Lead author and consultant in paediatric diabetes at Cambridge University Hospital (CUH), Dr Rachel Williams, said: “The artificial pancreas takes over a proportion of the daily management of the illness, although there is a still a huge burden of care for carers of very young children with diabetes even when using the most up to date technology.

“By using diluted insulin, we can control blood glucose levels in a much more subtle way – avoiding highs and lows which could cause developmental problems for such a young child.

“Although the artificial pancreas is currently only licensed down to one year old, we discussed all options with the family, and decided to use the closed-loop system off licence. It has worked really well, and thanks to the collaboration with diabetes teams in Norwich we have been able to support this family to use it successfully.”

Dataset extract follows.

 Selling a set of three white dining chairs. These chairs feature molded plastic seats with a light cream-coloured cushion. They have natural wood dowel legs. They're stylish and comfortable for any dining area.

Dr Emma Webb, paediatric endocrinologist at Norfolk and Norwich University Hospital (NNUH), and co-author, said: “The diabetes team at NNUH has significant experience of managing children on pump therapy. However, the concept of managing a six-month-old on a novel closed loop system was daunting.

“Working in collaboration with the CUH team to look after Millie has been a fantastic way for us to safely deliver her care closer to home. The embedding of video consultations into the NHS infrastructure as a result of the Covid-19 pandemic also helped us to learn and to deliver her care as a unified team across both sites.”

A screenshot of the artificial pancreas app. Picture: University of Cambridge
A screenshot of the artificial pancreas app. Picture: University of Cambridge

The management of very small children with type 1 diabetes is notoriously challenging and can be very difficult to achieve adequate glucose control without unacceptable rates of hypoglycaemia.

The artificial pancreas is very effective in moderating blood glucose levels. It consists of an app, known as CamAPS FX, which works with an insulin pump and a glucose monitor to automatically deliver insulin when needed.

It also uploads the data to a website so that medical teams can see real-time information about the patient’s condition. This makes it much easier to provide health advice remotely.

Dr Williams emphasised the importance of a multi-disciplinary team in looking after children with diabetes, adding: “I can’t stress enough how delivery of care would be impossible without the expertise of a team of dedicated professionals including administrative staff, dieticians, doctors, nurses, pharmacists, play specialists and psychologists.”

Around 400,000 people in the UK are affected by type 1 diabetes, 29,000 of them children. It is a chronic, life-threatening condition that has a life-long impact on those diagnosed with it and their families. Previously, people with type 1 diabetes rely on a routine of finger-prick blood tests and insulin injections or infusions just to stay alive, because their pancreas no longer produces insulin itself.

A second child of 18 months was also successfully fitted with the closed-loop system and his condition described in the journal.

His parents said: “When we were first told of our son’s diagnosis, the thought of how were we going to manage this seemed a daunting challenge, and the lack of control we would have was honestly scary. The CamAPS FX closed loop system put those fears to bed very quickly.

“The combination of the pump, continuous blood sugar monitoring along with a system to manage his blood sugar levels has been incredibly helpful. Having what is essentially another set of eyes watching over our son 24/7 is what allows us to regain part of our old lives and sleep through the night without worry.”